Antes de votar o projeto de lei que engorda os salários do primeiro escalão do governo estadual, os deputados terão uma conversa no Palácio Iguaçu. Ficou acertado ontem à noite, depois de uma reunião, que a base aliada vai se encontrar ainda hoje com o secretário-chefe da Casa Civil, Caíto Quintana. Oficialmente, os deputados não admitem em hipótese alguma que nesta conversa pretendem barganhar com o governo o ônus do aumento salarial. Ainda mais num momento político delicado em que se discute, paralelamente, o veto à retroatividade do aumento dos professores da rede pública por ferir, de acordo com o governo, os limites da Lei de Responsabilidade Fiscal (LRF).
O que os deputados vão levar à reunião com Caíto hoje são reclamações do tratamento que os secretários de Requião vêm dispensando à base aliada. Na reunião de ontem citou-se um exemplo, envolvendo inclusive o chefe da Casa Civil.

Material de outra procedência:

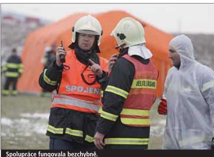
Spolupráce fungovala bezchybně.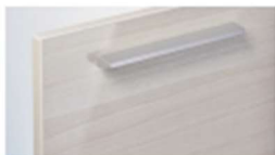
DN2 (ノースウッドホワイト)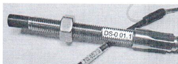
Рисунок 2 – Общий вид вихрековых преобразователей DS-0, DS-1, DS-2, DS-3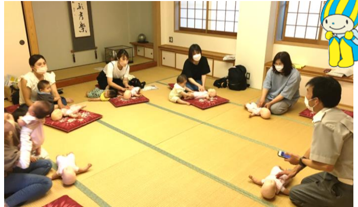
ダミー人形で乳児の心肺蘇生を学ぶ中野方乳幼児学級の参加者たち

7月13日、明智乳幼児学級では、恵那中央出張所えなえーる**から講師を招いて発酵食品について学びました。講師の指導を受けながら、実際にしょうゆ麴を作ったり、しょうゆ麴でえのき茸を煮てなめたけを作ったりしました。普段、子育てに手がかかる時期でもあるので、手のかかる料理は敬遠がちで、発酵食品なんてなおさらという感じのお母さんたちですが、発酵食品の大切さを聞いて、発酵食品を自分の手でとても簡単に作れることにびっくり。たいへん有意義な学びの機会になったようです。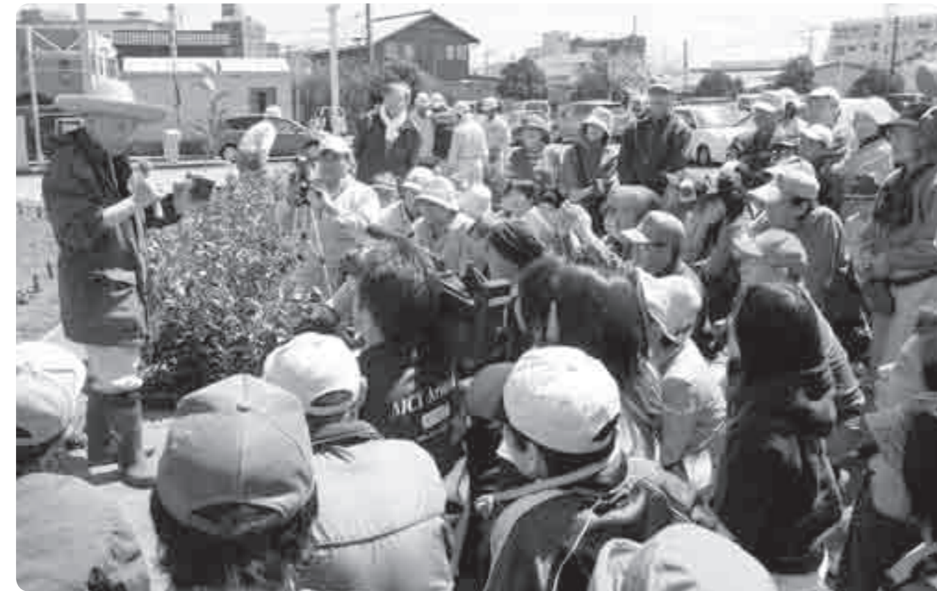
宮脇昭先生から植栽の指導を受ける参加者 (平成21年3月)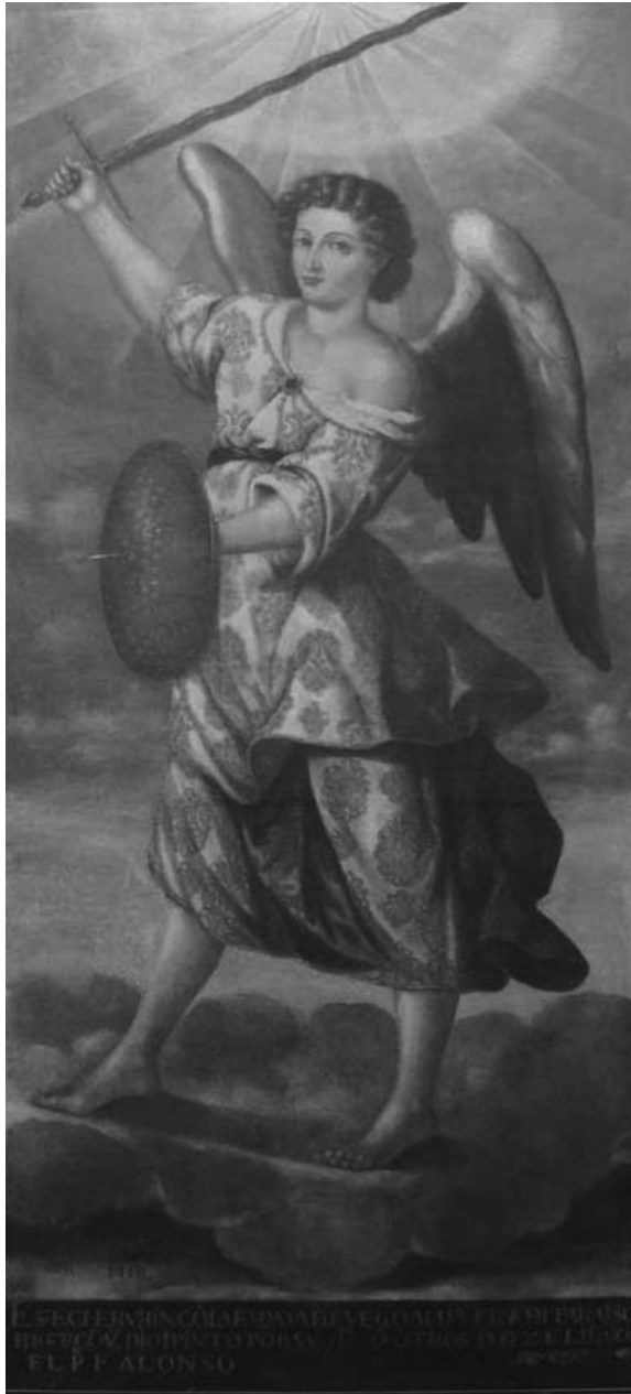
Fig.1:Fray Alonso Vera de la Cruz: Uriel (Convento de San Agustín de Quito, Museo, ca. 1656)*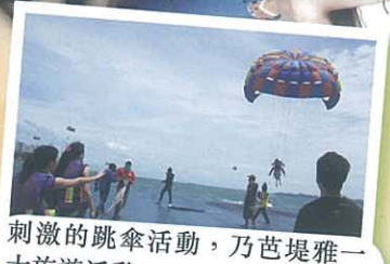
刺激的跳傘活動，乃芭堤雅一大旅遊活動。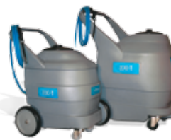
87L Y 174 L DE SOLUCIÓN CARROS DE TRANSPORTE

Tennant España • C/ Aragoneses 11, posterior • 28108 Alcobendas, Madrid • España • 900 900 150 • orbio.com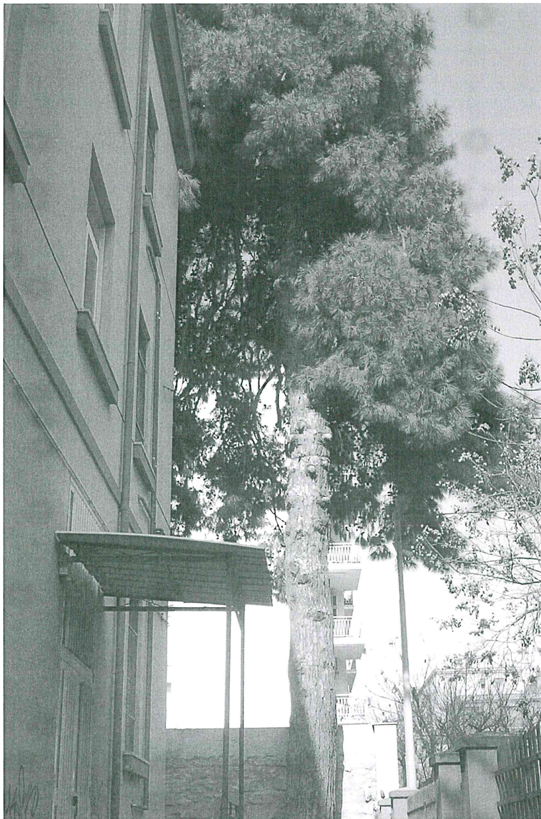
LICEO CLASSICO UMBERTO I° Via F. Parlatore - Palermo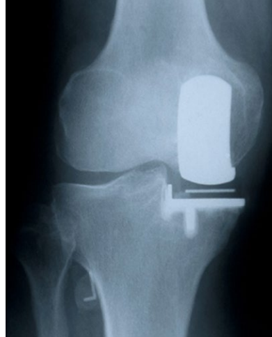
Figuur 4: rontgenfoto van een van de door ons gebruikte prothese.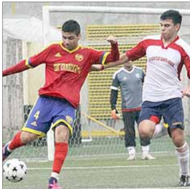
La serie de honor de Juventud Santa María, cumplió una actuación brillante en la Copa de Campeones al llegar a la final.

En la serie Senior Rinconada, avanzó tanto que llegó a convertirse en el mejor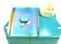
SV1808-MCM850 MODULO E.E CHRYSLER 4 PUNTAS USA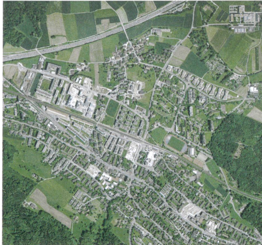
Heutige Zersiedelung in Zürich-Affoltern. | Huidige bebouwing in Zürich-Affoltern.

Segundo os deputados do PT, Caíto distribuiu recursos na região Sudoeste acompanhado do deputado federal da região, Nelson Meurer (PP), o que revoltou os deputados estaduais Luciana Rafagnin (PT) e Augustinho Zucchi (PDT). ''O chefe da Casa Civil está atuando como um deputado. Temos inúmeras reclamações envolvendo outros secretários. Não dá mais para aguentar esse tratamento'', reclamou um deputado ontem, que não quis se identificar com medo de retaliação.

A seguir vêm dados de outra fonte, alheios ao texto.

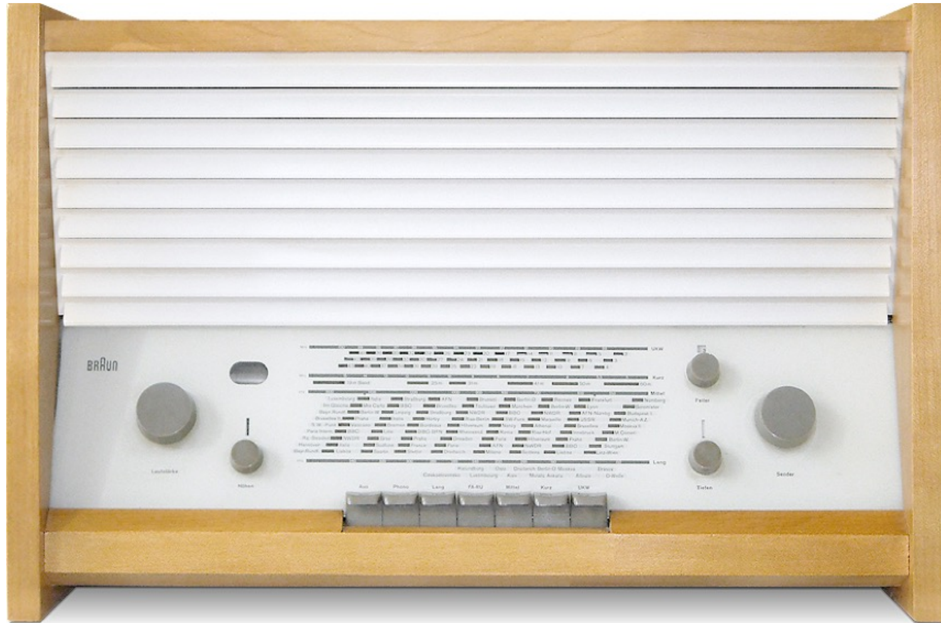
Firma Braun (5): Braun-Design: Sondern so: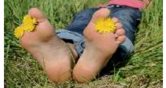
Gönne dich dir selbst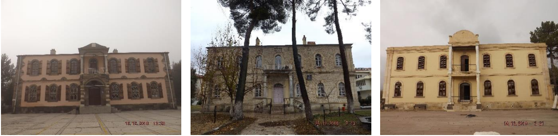
Fig. 14-15-16. Sincanlı (Sinanpaşa), Çivril ve Bolvadin Redif Depoları (Kadir Türkmen)

Redif Taburlarının en mütevazı yapısı olan askeri karakol binaları bazı belgelerde “Neferat Koğuşu” olarak da zikredilmektedir. Görevli askerin barınması aynı zamanda bölge güvenliğinin sağlanması işlevi sürdüren bu yapıların tek katlı olarak inşa edildiğini söylemiştik. Bu yapılarda girişin beden duvarlarından öne doğru taşıntı yaparak cepheyi simetrik olarak ikiye böldüğü ve iki yanına ikişer pencere yerleştirildiği görülmektedir. Giriş aksında uzayan koridorun iki yanına koğuşların yerleştiği bu yapılarda yan cephelerin dörder pencere ile hareketlendirildiği Tefenni örneğinin yanı sıra Bolvadin, Eşme ve Kalecik örneklerinde karşımıza çıkmaktadır (Fig 17-19).

Apesar de ter adiado a votação, Natálio Stica dizia ontem que a votação do projeto deve ser realizada ainda esta semana, mas para isso ninguém pode pedir vistas ao projeto na reunião da CCJ de logo mais. O líder do governo na Casa chegou a cogitar a possibilidade de transformar a sessão em comissão geral o que agiliza a tramitação da matéria, que não precisa passar pelas comissões da Casa mas desistiu da idéia após receber uma garantia de Fonseca de que o assunto será analisado hoje na CCJ. Fonseca, apesar de pertencer ao mesmo partido de Stica, não escondia ontem a sua irritação com a pressa em analisar a matéria.

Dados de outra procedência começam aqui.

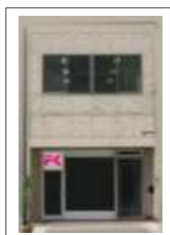
大阪試験センター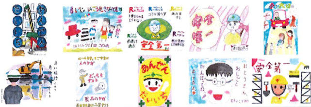
こどもたちが書いた安全ポスター

従業員や協力会社社員の子供から、安全をテーマに新型コロナウイルスや、その他健康に関して、ポスターを作成していただき、会社内のあらゆるところに掲示しています。これまでに60名にのぼる皆さんの子供が書いたポスターを来訪者をはじめ全従業員が真剣に見つめ、安全・健康について改めて認識してくれています。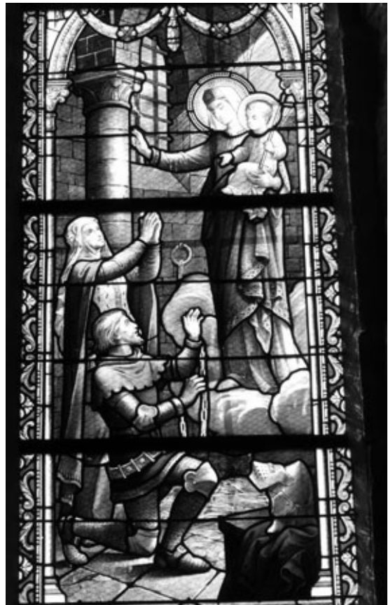
À l'église, un vitrail du XIX e siècle conserve le souvenir du château de La Gravelle : la Vierge Marie délivre le baron de Sillé-le-Guillaume, prisonnier au château durant la guerre de Cent Ans.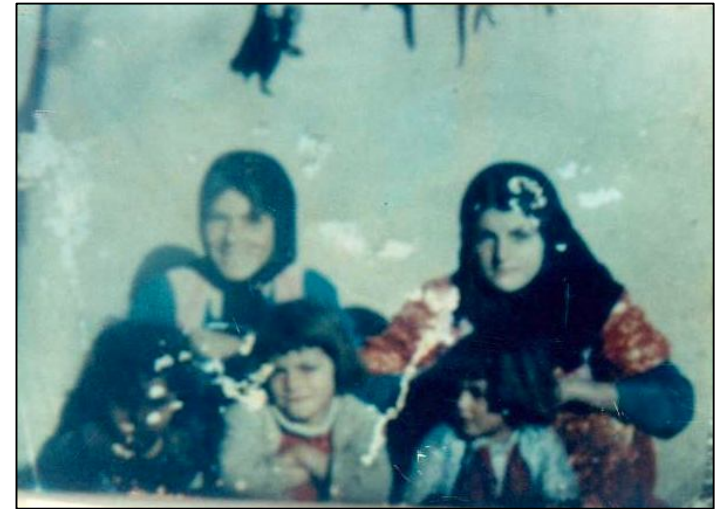
خیزانی دووه می مام فارس و منداله کانی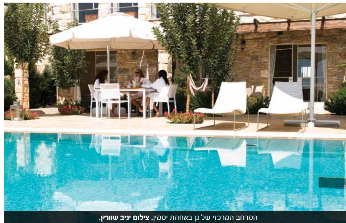
המרחב המרכזי של גן באחוזת יסמין.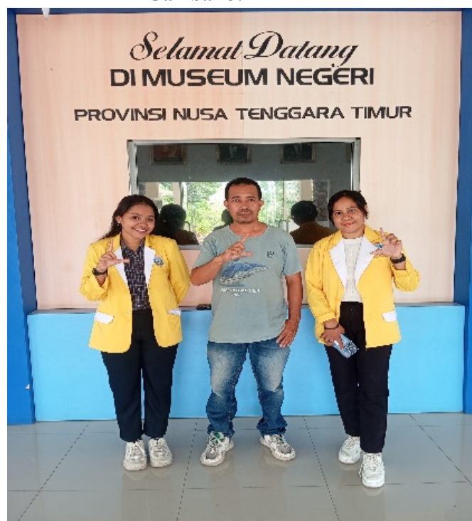
Gambar 3. Wawancara

Menyulam Nusantara: Eksplorasi Alat Musik Rinding/Knobe Oh Kabupaten Tts Pada Pembelajaran Bahasa Indonesia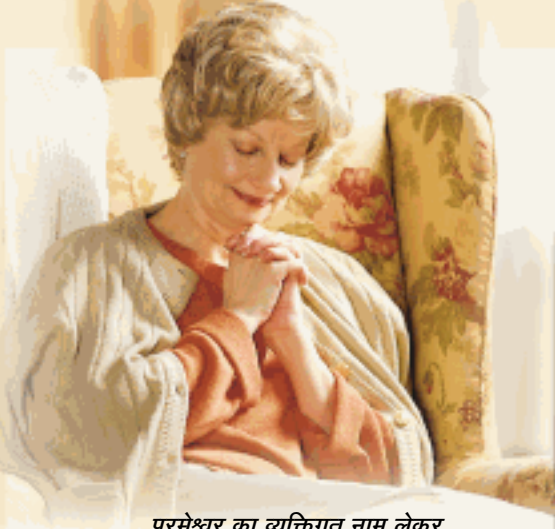
परमेश्वर का व्यक्तिगत नाम लेकर उससे दिल से प्रार्थना कीजिए

उनके साथ बाइबल का अध्ययन कीजिए जो वाकई उसमें दी गयी बातें सिखाते हैं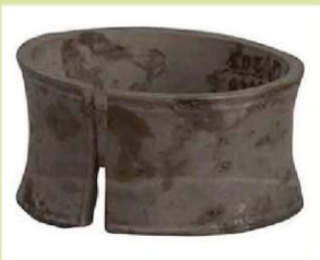
Hoa (khuyên, bông) tai hình ống, đá ngọc, Văn hoá Đông Đậu, cách ngày nay khoảng 3 000 – 3 500 năm (2)

Cách ngày nay khoảng 3 000 năm, cư dân văn hoá Phùng Nguyên, Đông Đậu đã sử dụng đồ trang sức một cách đa dạng và có vẻ cầu kì. Loại hình chủ yếu là vòng đeo tay, hoa tai, hạt chuỗi,... Nguyên liệu dùng làm đồ trang sức được lựa chọn là các loại đá có màu sắc đẹp, thớ mịn. Đặc biệt, kĩ thuật chế tác đã lên tới đỉnh cao. Một số đồ trang sức như vòng đeo tay, khuyên tai tạo dáng hình tròn khá hoàn hảo, bề mặt nhẵn mịn và trau chuốt.

Stica chegou a cogitar a possibilidade de reunir numa mesma sessão o aumento dos secretários e o veto ao plano dos professores. O líder do governo na Assembléia é favorável ao aumento dos salários de R$ 5,9 mil para R$ 11,9 mil. ''Pelas funções que exercem, os secretários ganham pouco. O impacto no orçamento do Estado vai ser mínimo, cerca de R$ 163 mil a mais em gastos por mês. Isso significa apenas 0,01%. da folha de pagamento'', destacou Stica.